* _Source data_
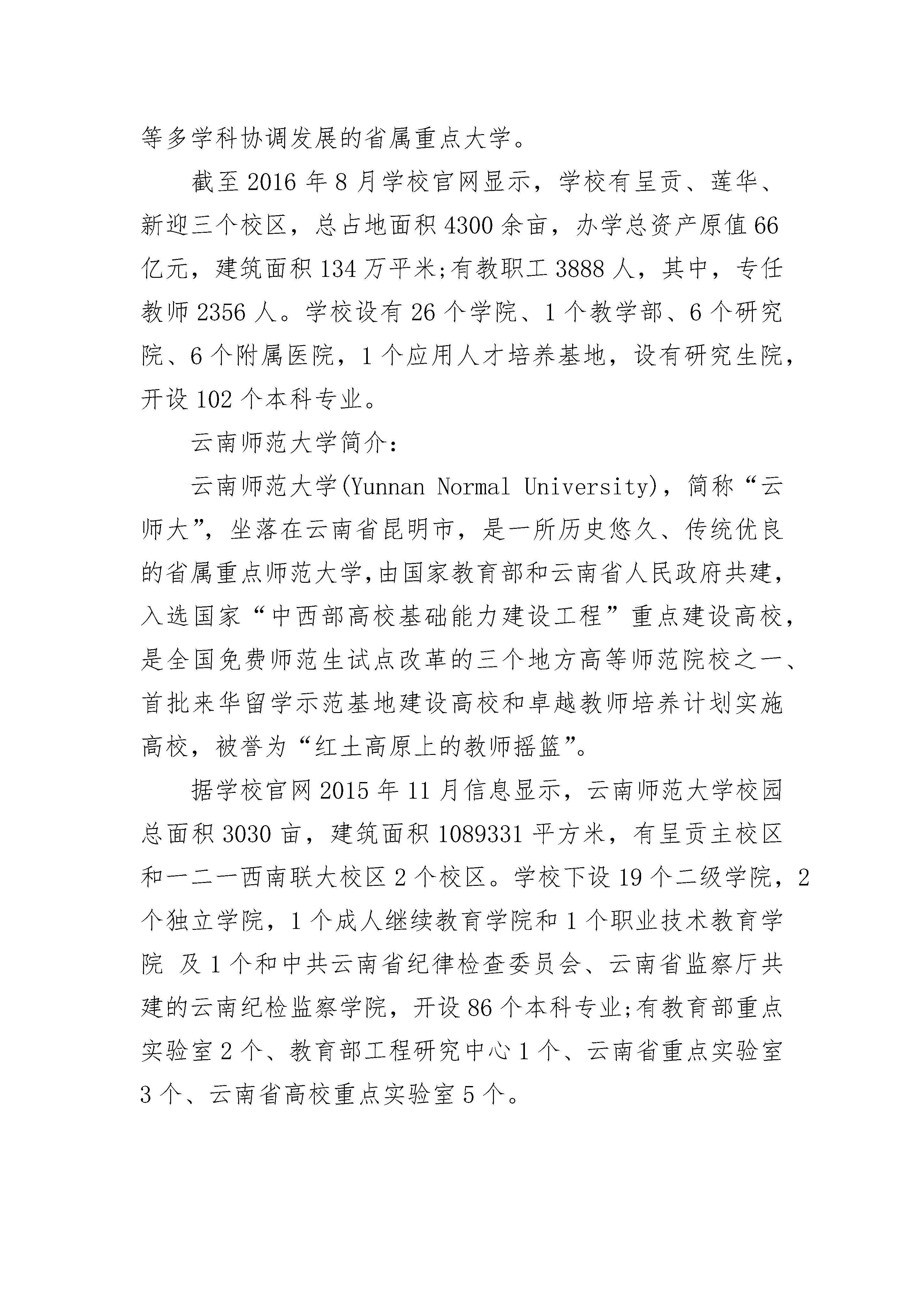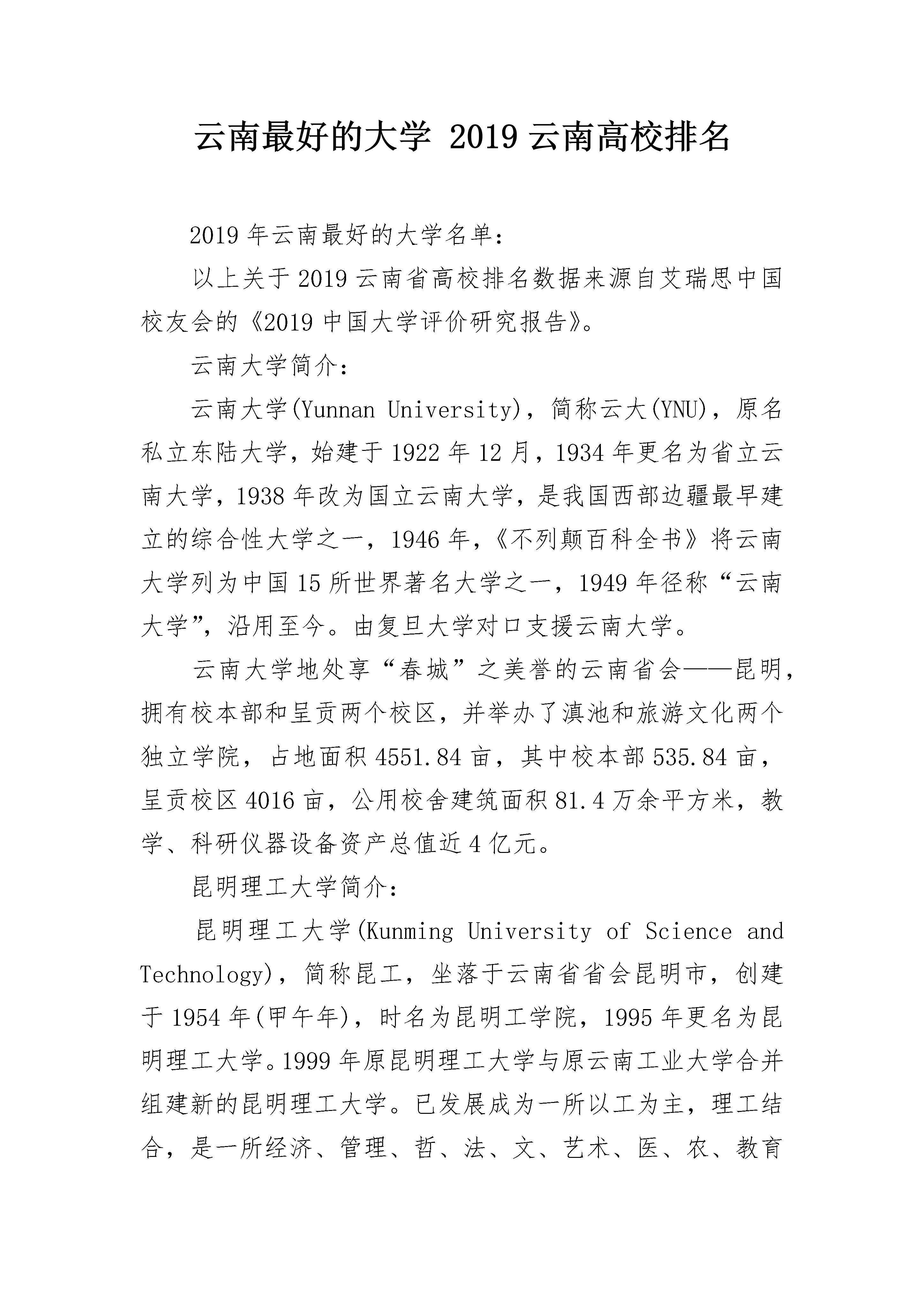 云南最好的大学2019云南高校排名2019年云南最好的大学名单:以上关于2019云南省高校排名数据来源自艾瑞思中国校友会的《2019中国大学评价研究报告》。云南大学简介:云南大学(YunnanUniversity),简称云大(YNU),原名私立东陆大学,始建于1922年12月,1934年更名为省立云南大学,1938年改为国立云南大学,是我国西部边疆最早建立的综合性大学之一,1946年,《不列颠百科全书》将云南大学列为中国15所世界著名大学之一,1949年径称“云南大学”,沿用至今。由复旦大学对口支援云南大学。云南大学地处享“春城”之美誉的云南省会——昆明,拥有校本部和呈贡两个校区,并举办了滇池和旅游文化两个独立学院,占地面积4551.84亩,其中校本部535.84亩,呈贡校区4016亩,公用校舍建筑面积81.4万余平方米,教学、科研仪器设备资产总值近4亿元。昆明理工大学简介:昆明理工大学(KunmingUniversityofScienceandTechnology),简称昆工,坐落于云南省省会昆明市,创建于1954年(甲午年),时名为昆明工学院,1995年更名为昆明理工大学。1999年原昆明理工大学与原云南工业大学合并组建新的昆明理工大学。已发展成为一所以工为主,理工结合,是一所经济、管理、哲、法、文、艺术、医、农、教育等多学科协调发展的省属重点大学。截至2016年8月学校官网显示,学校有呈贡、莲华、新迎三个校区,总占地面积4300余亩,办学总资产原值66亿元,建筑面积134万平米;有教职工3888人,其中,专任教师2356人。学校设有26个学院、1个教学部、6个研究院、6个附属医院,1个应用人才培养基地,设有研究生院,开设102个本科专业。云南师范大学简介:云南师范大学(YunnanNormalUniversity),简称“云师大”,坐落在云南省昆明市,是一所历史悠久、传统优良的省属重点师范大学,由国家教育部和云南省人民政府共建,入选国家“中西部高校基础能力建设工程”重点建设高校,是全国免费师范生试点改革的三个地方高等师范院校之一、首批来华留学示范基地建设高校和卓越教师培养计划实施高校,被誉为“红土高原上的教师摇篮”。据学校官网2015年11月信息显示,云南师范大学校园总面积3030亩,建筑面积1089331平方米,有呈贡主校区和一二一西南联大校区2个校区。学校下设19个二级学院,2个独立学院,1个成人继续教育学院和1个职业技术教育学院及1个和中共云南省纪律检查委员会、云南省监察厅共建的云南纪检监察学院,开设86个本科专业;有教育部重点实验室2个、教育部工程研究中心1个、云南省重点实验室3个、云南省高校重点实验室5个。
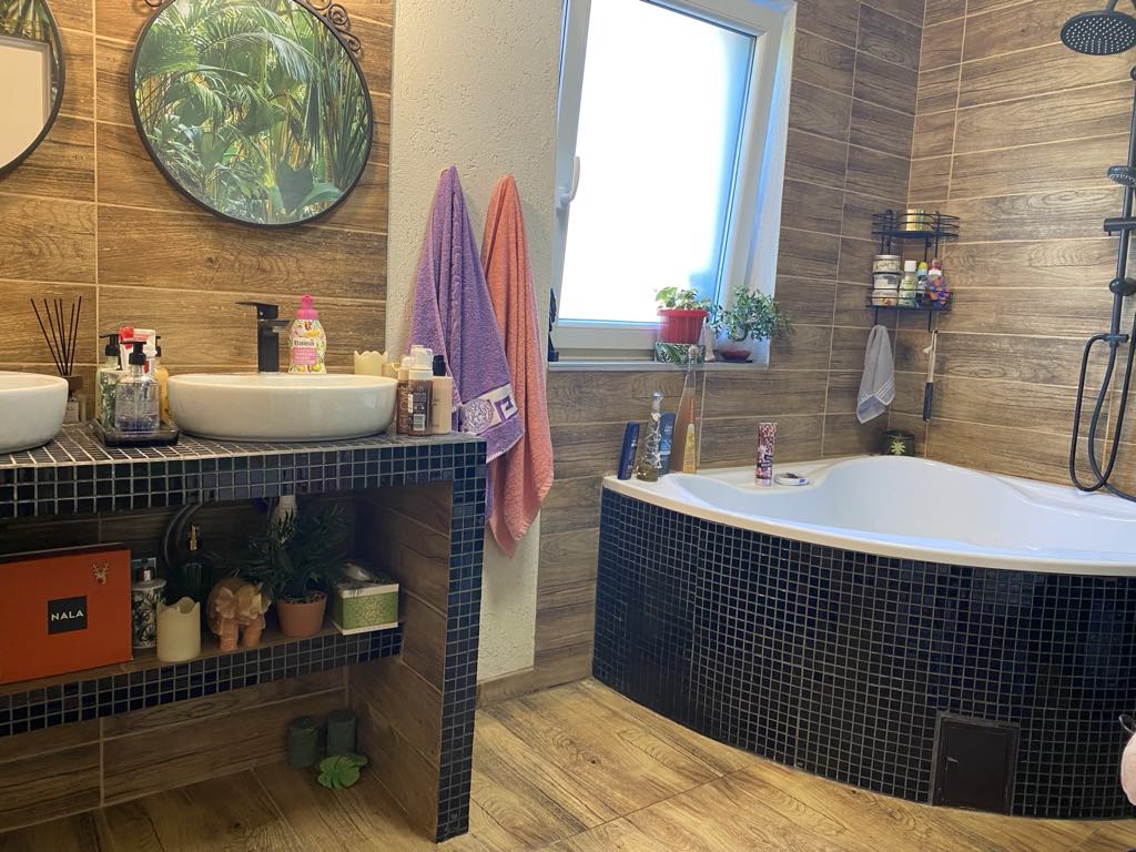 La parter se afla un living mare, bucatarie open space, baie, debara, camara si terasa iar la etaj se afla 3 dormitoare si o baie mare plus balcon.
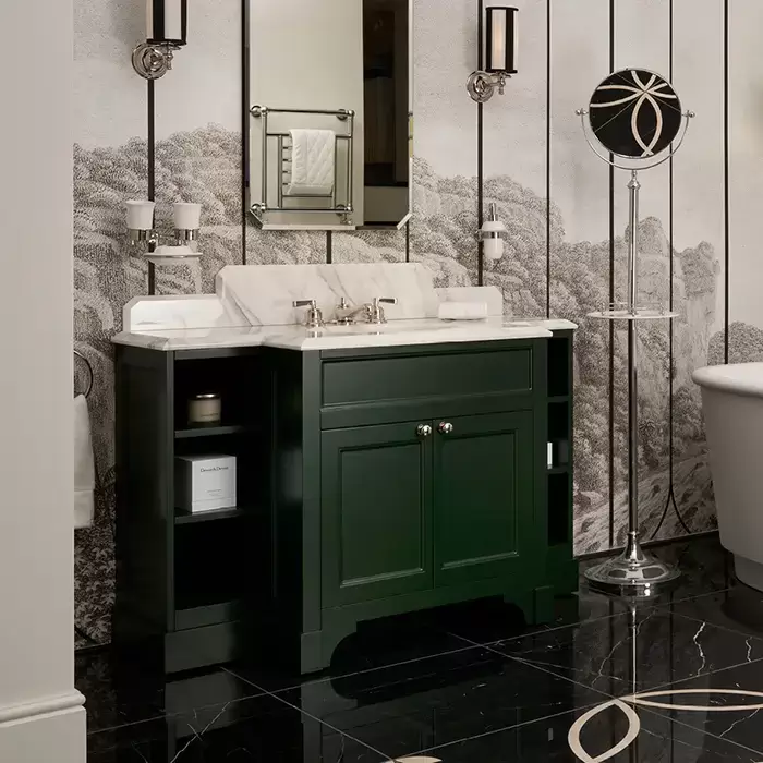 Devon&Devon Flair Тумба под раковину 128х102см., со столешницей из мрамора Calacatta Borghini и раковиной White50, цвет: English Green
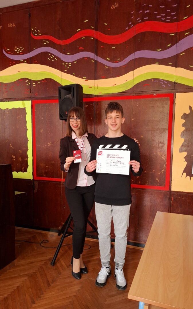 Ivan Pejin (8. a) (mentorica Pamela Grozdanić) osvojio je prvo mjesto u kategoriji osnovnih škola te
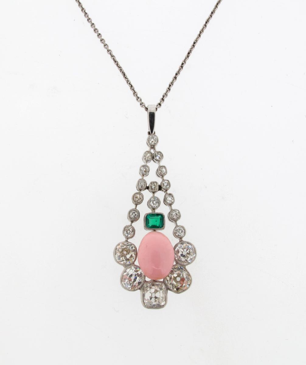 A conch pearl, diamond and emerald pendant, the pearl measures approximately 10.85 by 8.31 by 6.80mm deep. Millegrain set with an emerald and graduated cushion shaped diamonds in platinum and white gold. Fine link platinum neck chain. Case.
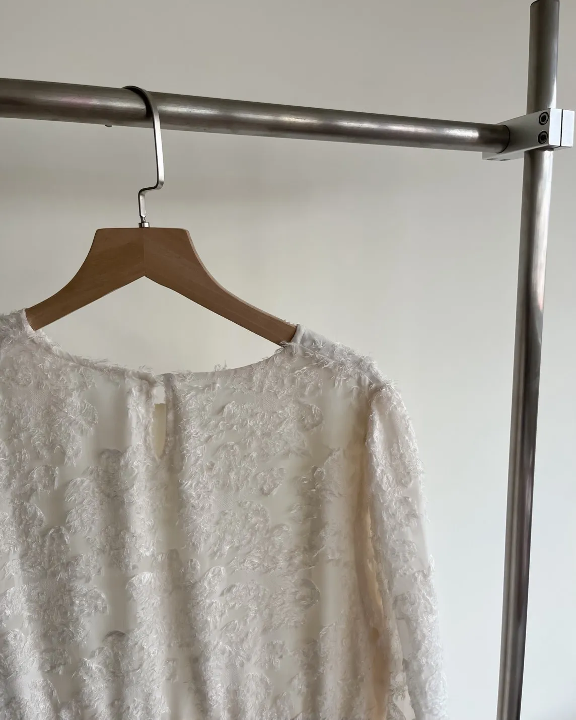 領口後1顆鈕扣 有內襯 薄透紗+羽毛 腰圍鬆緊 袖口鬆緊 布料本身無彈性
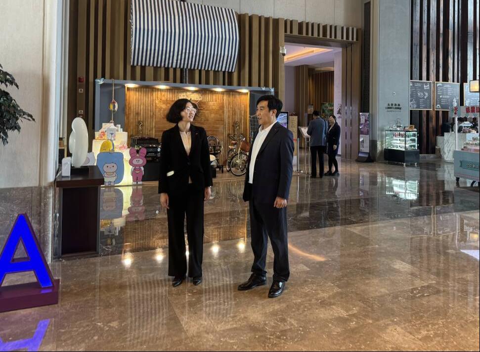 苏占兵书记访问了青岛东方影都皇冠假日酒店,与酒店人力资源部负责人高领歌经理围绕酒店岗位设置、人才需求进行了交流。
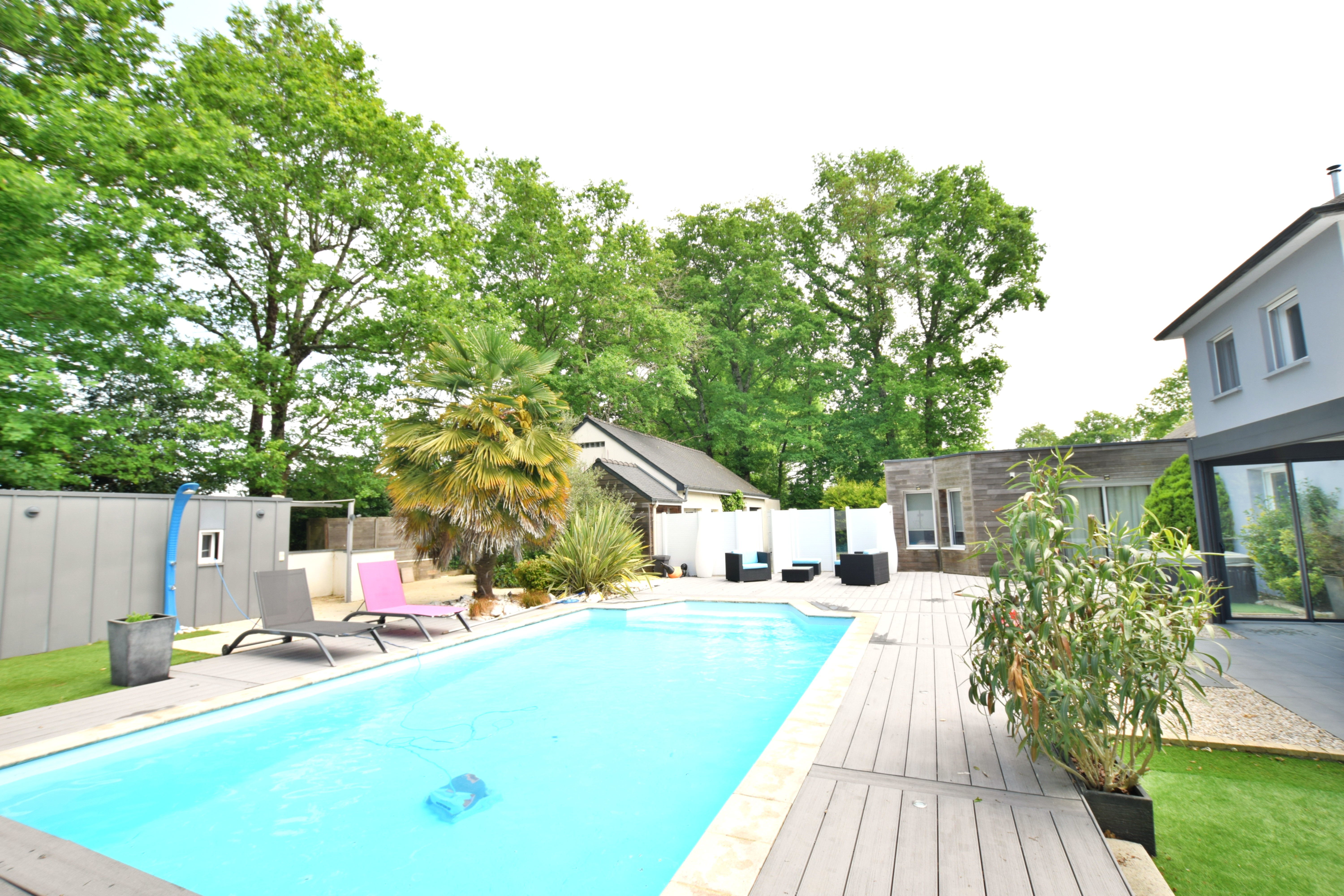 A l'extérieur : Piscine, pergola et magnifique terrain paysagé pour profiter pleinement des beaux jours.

* _What to produce_
Give the lines above again exactly, from the one containing "A conch pearl, diamond" to the one containing "苏占兵书记访问了青岛东方影都", both included, but leave out the pictures.

* _Solution for this task_
 A conch pearl, diamond and emerald pendant, the pearl measures approximately 10.85 by 8.31 by 6.80mm deep. Millegrain set with an emerald and graduated cushion shaped diamonds in platinum and white gold. Fine link platinum neck chain. Case.
 領口後1顆鈕扣 有內襯 薄透紗+羽毛 腰圍鬆緊 袖口鬆緊 布料本身無彈性
 苏占兵书记访问了青岛东方影都皇冠假日酒店,与酒店人力资源部负责人高领歌经理围绕酒店岗位设置、人才需求进行了交流。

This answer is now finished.